• _Aim of the exercise_
Pictures excluded, retype the lines from the one containing "18일 금융당국의 시뮬레이션에" through the last line of the data below, both included.

Top of The input

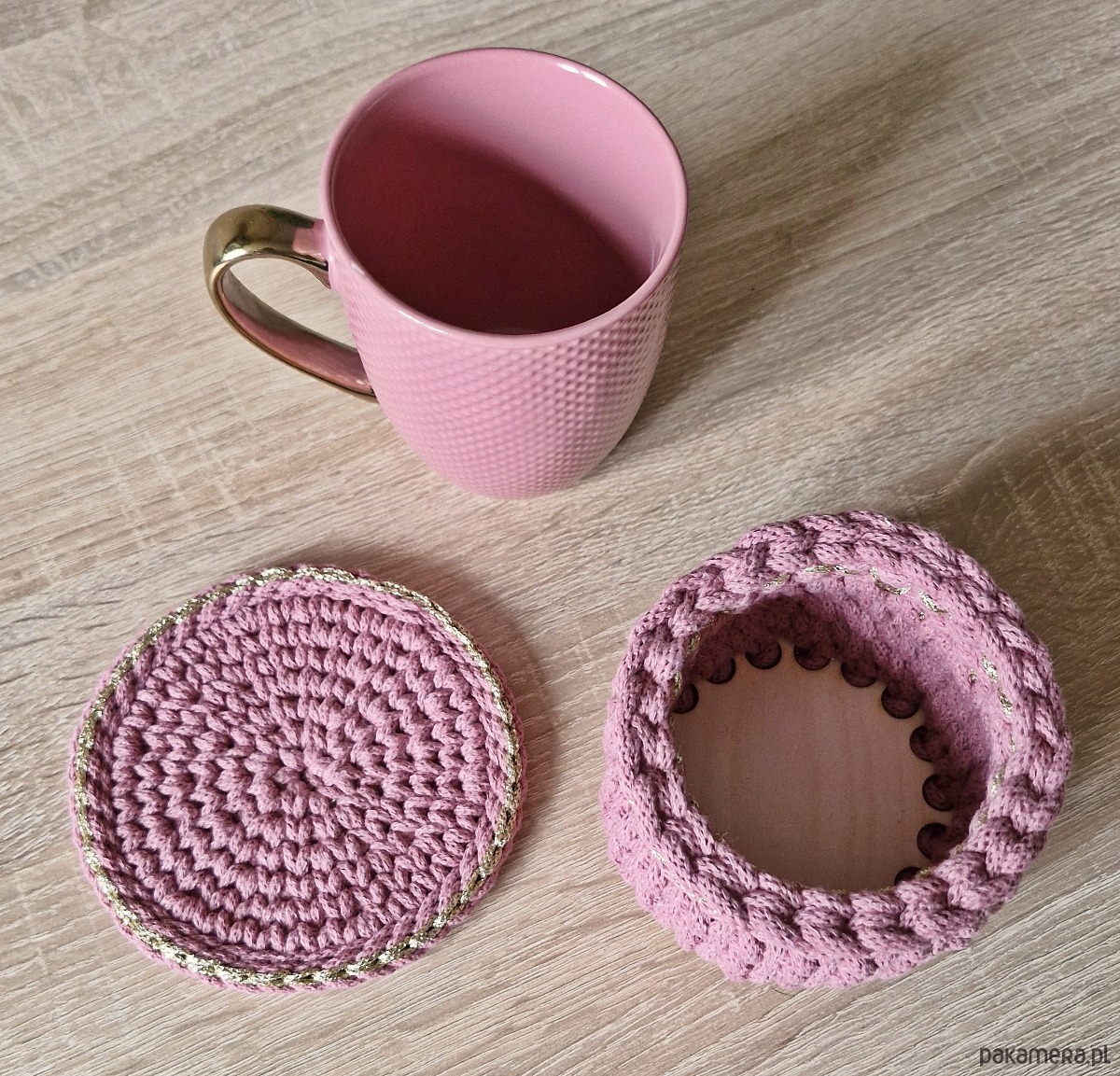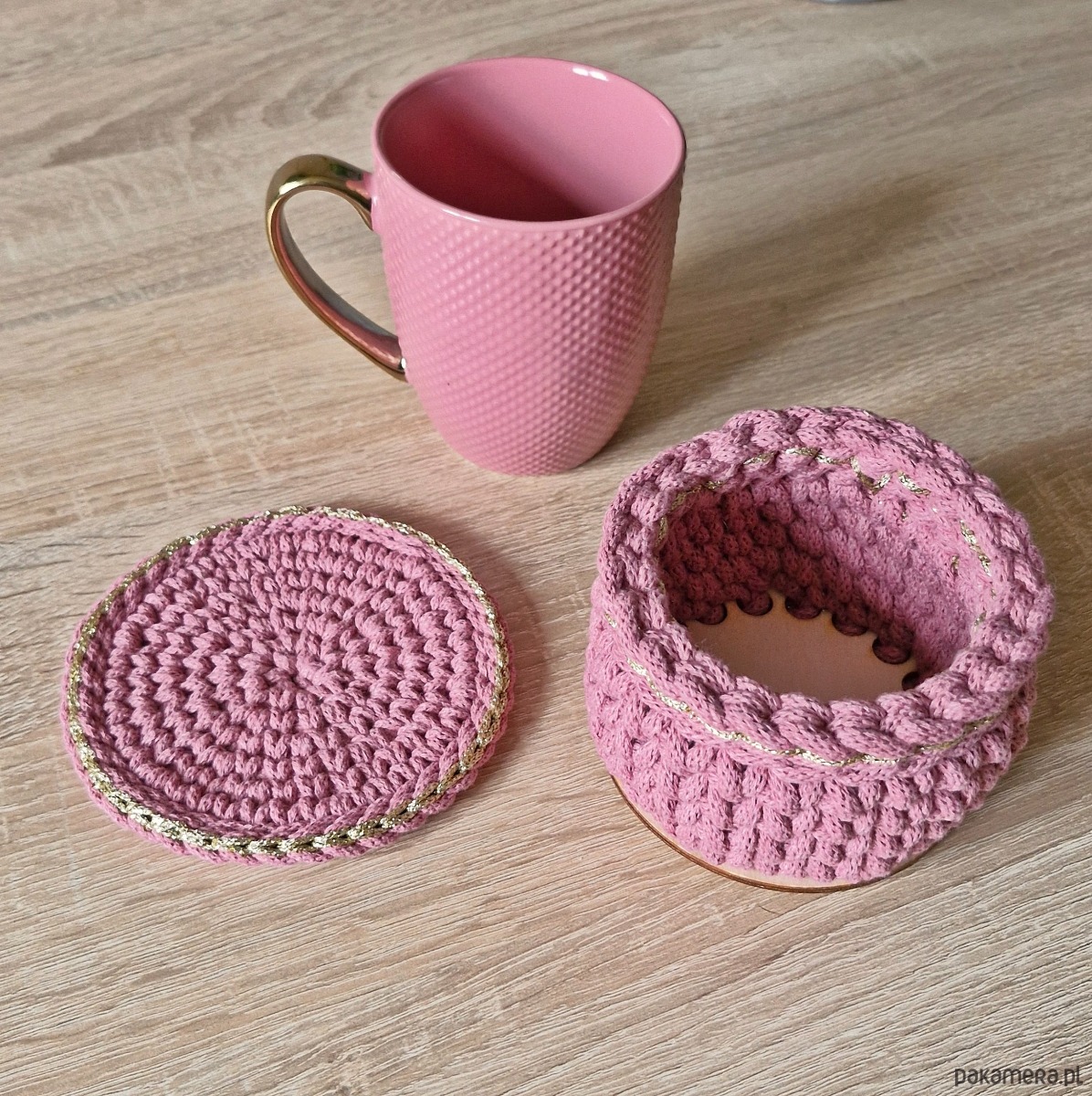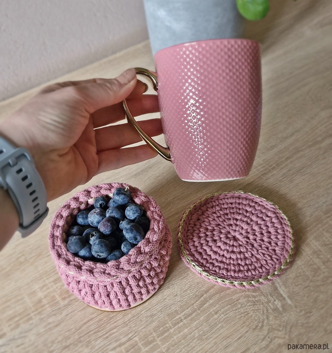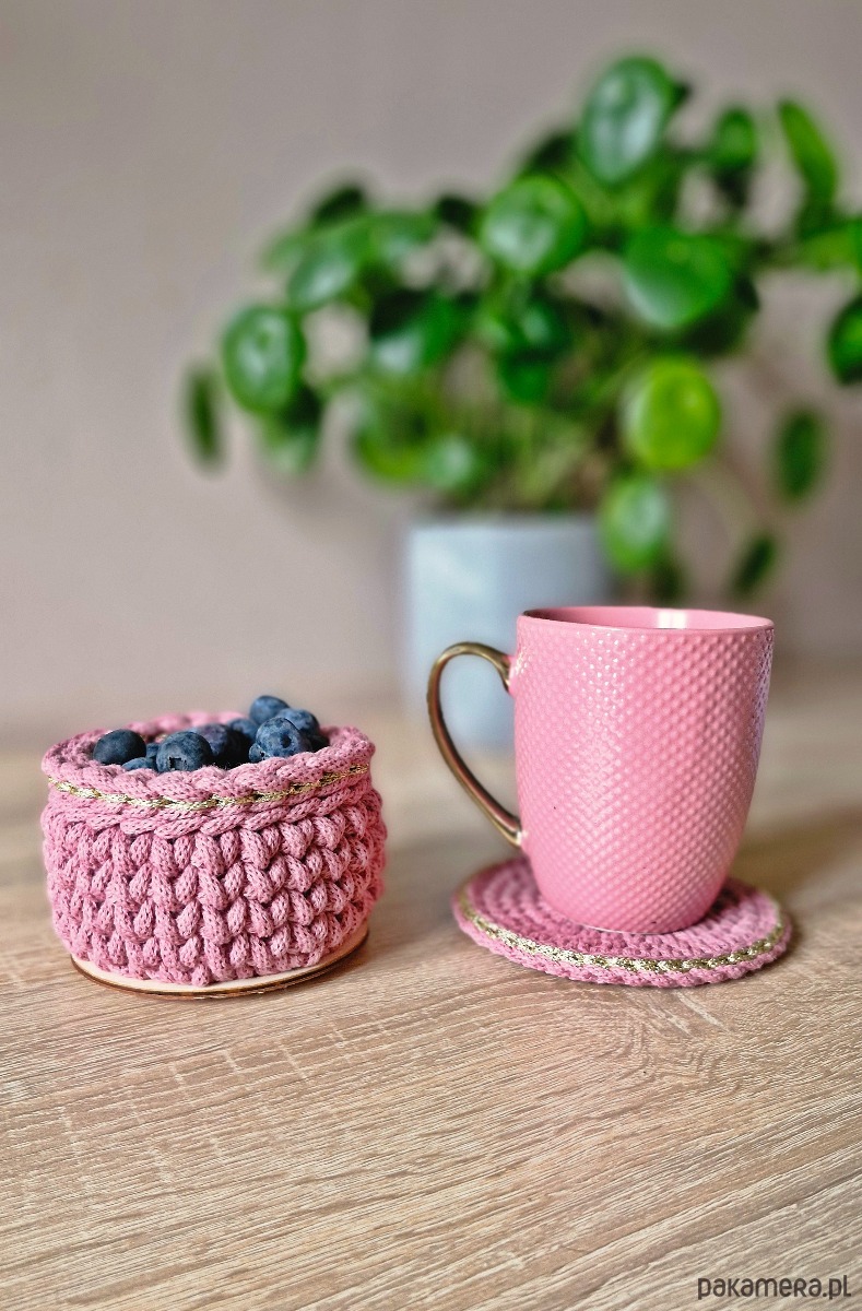 Podkładkę oraz koszyczek na smakołyki wykonałam z bawełny 100% z recyklingu dodatkowo zdobiąc obrzeża pięknie połyskującą, złotą nitką korespondującą z uchem kubka, który jest świetnym uzupełnieniem zestawu.
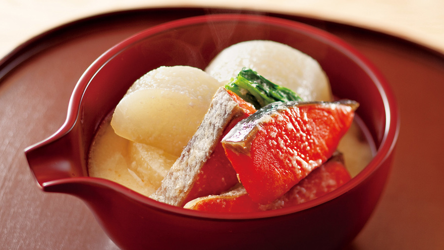 柔らかく煮た大根と、香ばしく焼いたさけの取り合わせがおいしさの決め手です。酒かすのほんのり甘い香りが絶品な冬のおばんざいの定番ですよ。
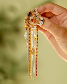 Гордый взгляд Львицы завораживает, а струящиеся вниз цепочки и кристаллы напоминают о её пышной гриве под сиянием африканского солнца. Лёгкие переливы света на каждой детали подчёркивают её благородство и богатство текстур.
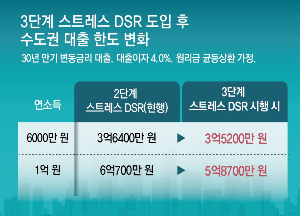 18일 금융당국의 시뮬레이션에 따르면 7월 3단계 스트레스 DSR 규제가 시행될 시 우리나라 가구당 평균소득(6000만 원) 수준인 차주는 금융권에서 30년 만기 변동금리(대출이자 4.0%·원리금 균등상환 가정)로 대출받을 경우 수도권 주담대 한도가 약 1200만 원 축소되는 것으로 나타났다. 현재 한도는 3억6400만 원이지만 7월부턴 3억5200만 원이 되는 것이다.
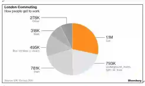 伦敦的通勤景观:人们选择何种交通方式上班 数据来源:2011年英国人口普查数据

Bottom of The input

• _Result of this task_
 18일 금융당국의 시뮬레이션에 따르면 7월 3단계 스트레스 DSR 규제가 시행될 시 우리나라 가구당 평균소득(6000만 원) 수준인 차주는 금융권에서 30년 만기 변동금리(대출이자 4.0%·원리금 균등상환 가정)로 대출받을 경우 수도권 주담대 한도가 약 1200만 원 축소되는 것으로 나타났다. 현재 한도는 3억6400만 원이지만 7월부턴 3억5200만 원이 되는 것이다.
 伦敦的通勤景观:人们选择何种交通方式上班 数据来源:2011年英国人口普查数据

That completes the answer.